Acupuncture has been found to relieve muscle stiffness effectively , especially after physical exercise.1 2 Previous studies have measured muscle stiffness pre- and post-acupuncture using a pressure scale1 or ‘muscle hardness meter’.2 Both of these methods estimate muscle stiffness based on the pressure required to compress muscle. Limitations of these devices include potential inaccuracy of measurement, as the distribution of muscle stiffness may be heterogeneous, as well as inability to visualise the muscle. Furthermore, changes in muscle stiffness during acupuncture needling cannot be evaluated. An ultrasound-based shear wave imaging technique has recently been developed to measure muscle stiffness.3 Benefits of using ultrasound include the ability to visualise the muscle under investigation and to quantify changes in muscle stiffness over time. Ultrasound as an imaging modality has many potential uses in acupuncture research and education,4 and can be successfully used to explore its physiological and physical effects.5 The aim of this study was to measure the effects of acupuncture needling on muscle stiffness using shear wave elastography.

Methods

Acupuncture needle insertion

We performed acupuncture needle insertion on two healthy volunteers (one male, one female) who were part of the study team. The acupuncture point used in this study was BL58 (Feiyang), which is located on the posterior aspect of the lower leg behind the external malleolus. Acupuncture at BL58 has been reported to help relieve leg cramps. The volunteers lay prone on a couch during insertion of a 0.30×50 mm disposable stainless steel acupuncture needle (Hanyi) at a 90° angle to the skin and to a depth of 1–1.5 cun.

Ultrasound scanning

The ultrasound scans were performed using a Toshiba Aplio 500 system (Toshiba Medical Systems, Otawara, Japan) that was equipped with a 14L5 (PLT-1005BT) high frequency linear probe (centre frequency of 10 MHz). Aquasonic 100 gel was used as the coupling agent. Shear wave elastography was used to quantitatively measure muscle stiffness. An elastography map was used to visualise and quantify the shear wave propagation velocity, and propagation mapping was used to assess the quality of the elastogram (figure 1). The medial gastrocnemius muscle (part of the bilateral triceps surae muscle) was chosen due to its distinct activity during muscle strain.

Figure 1

Shear wave elastography of the gastrocnemius muscle in a longitudinal plane. Rectangular field of view demonstrating good quality shear-wave elastogram as indicated by homogeneously distributed blue colour-coded muscle (A) and evenly spaced propagation waves (B). Quantitative analysis of gastrocnemius muscle stiffness was achieved by placing the small circular regions of interest (ROIs; illustrated by arrows) over the elastography map.

Experimental steps

The medial gastrocnemius muscle was initially identified under ultrasound guidance in the transverse plane. At this point, measurements of muscle stiffness (at rest) were performed. This was followed by needle insertion by the acupuncturist. The acupuncturist manipulated the needle until she felt mechanical changes in the tissues and the subjects verbalised having experienced the de qi sensation. The needle was left stationary and retained for 30 min before removal.

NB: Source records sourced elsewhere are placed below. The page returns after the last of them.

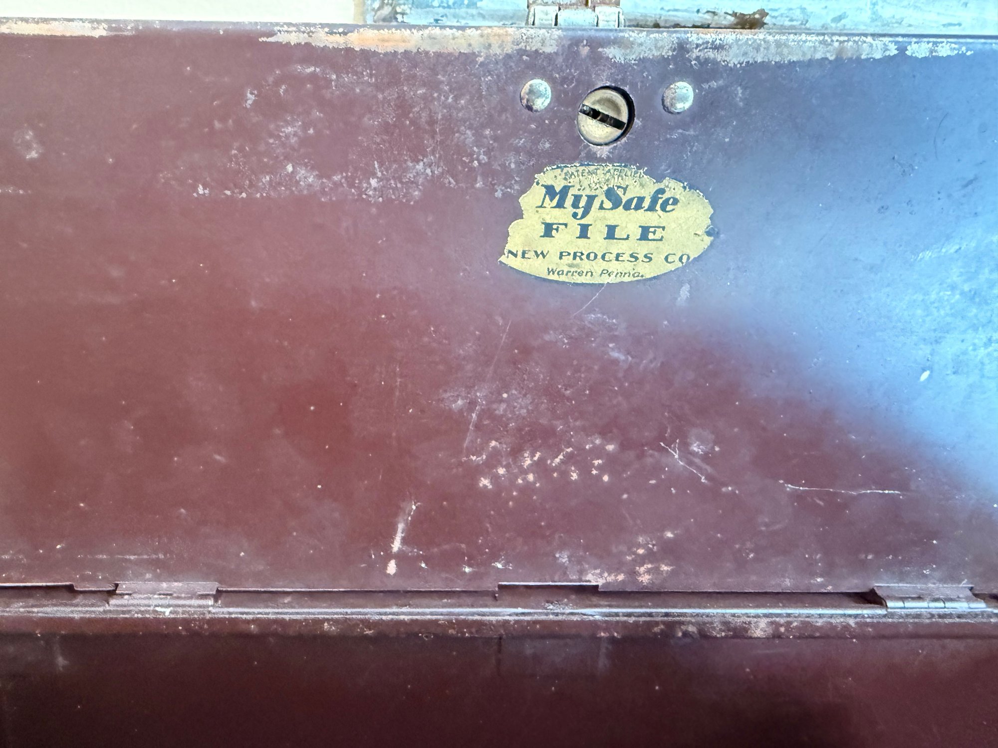 vintage metal file box, "My Safe File" model from the New Process Co.
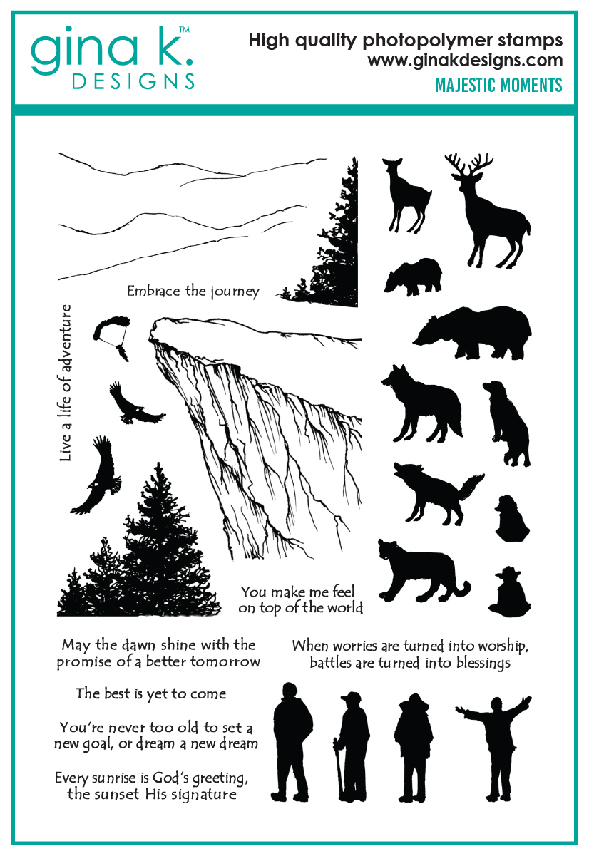 Majestic Moments is a stamp set by Melanie Munchinger. This set is made of premium clear photopolymer and measures 6" X 8". Made in the USA. Available as a Stamp Set only or a Stamp and Die Bundle
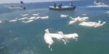 Свет (ВИДЕО) БРОД СО ДОБИТОК СЕ ПРЕВРТИ ВО ЦРВЕНОТО МОРЕ: Стотици овци пливаа за спас, јеменските рибари ги спасуваа од брановите 20.02.2026

Data collection and analysis

Muscle stiffness was measured at baseline, immediately post-insertion, and then at 5 min intervals during needle retention up until 10 min post-needle removal. Four muscle tension values were obtained from each scan. Altogether, eight values were obtained at each time point, and the median and IQR were calculated. Data were compared between the two subjects using the Friedman test.

Findings

Immediately after needle insertion and 5 min later (time period incorporating manual stimulation), muscle stiffness appeared to increase in both subjects (figure 2). Between 5 and 10 min post-needle insertion, muscle stiffness appeared to decline and plateau at a level that remained relatively consistent throughout the period of needle retention. There was no statistically significant difference in measurements between the two subjects at any time point (p>0.05). Following needle removal, muscle stiffness was lower relative to baseline in the male, but higher in the female.

Figure 2

Change in muscle strain (measured by shear-wave elastrography) over time in two healthy subjects undergoing acupuncture at BL58.

Comments

To the best of our knowledge, this study is the first to assess the stiffness of the gastrocnemius muscle after acupuncture at BL58 using shear-wave elastography. Although larger scale validation is required, our study suggests that shear wave elastography is feasible and could be used as an objective measure of the effects of acupuncture on muscle stiffness. Although previous studies have reported that acupuncture is effective at reducing muscle stiffness,1 2 our study was inconclusive in this respect as the muscle stiffness of the female subject was actually higher after acupuncture compared with her baseline. This inconsistency, as well as the lack of statistically significant differences between individual time points in these subjects, is likely to reflect the very small sample size. It should be noted that an increase in muscle stiffness could also be associated with factors unrelated to needling per se, such as anxiety surrounding the initial experience of acupuncture. Larger studies need to be conducted to elucidate the effects of acupuncture on muscle stiffness.

A consistent and noteworthy finding between both subjects was the apparent spike in muscle stiffness 5 min post-needle insertion, which was followed by a gradual decrease. This appears to challenge the common belief that acupuncture immediately reduces muscle stiffness after insertion. Future studies should also explore both the immediate and longer-term effects of acupuncture on muscle stiffness.

References

View Abstract

Footnotes

  • Contributors ML, TC and CCO conceptualised the study. ML performed the data analysis. CCO performed the ultrasound scans. SLC performed the acupuncture intervention. All authors were involved in manuscript writing and approved the final version accepted for publication.

  • Funding This study was funded by the Biomechanics Laboratory Programme Grant and the SingHealth Duke-NUS Academic Medical Centre, and facilitated by the Joint Office of Academic Medicine (JOAM). It is an initiative of Surgery Academic Clinical Programme (SURG ACP), hosted at the Singapore General Hospital (SGH).

  • Competing interests None declared.

  • Provenance and peer review Not commissioned; internally peer reviewed.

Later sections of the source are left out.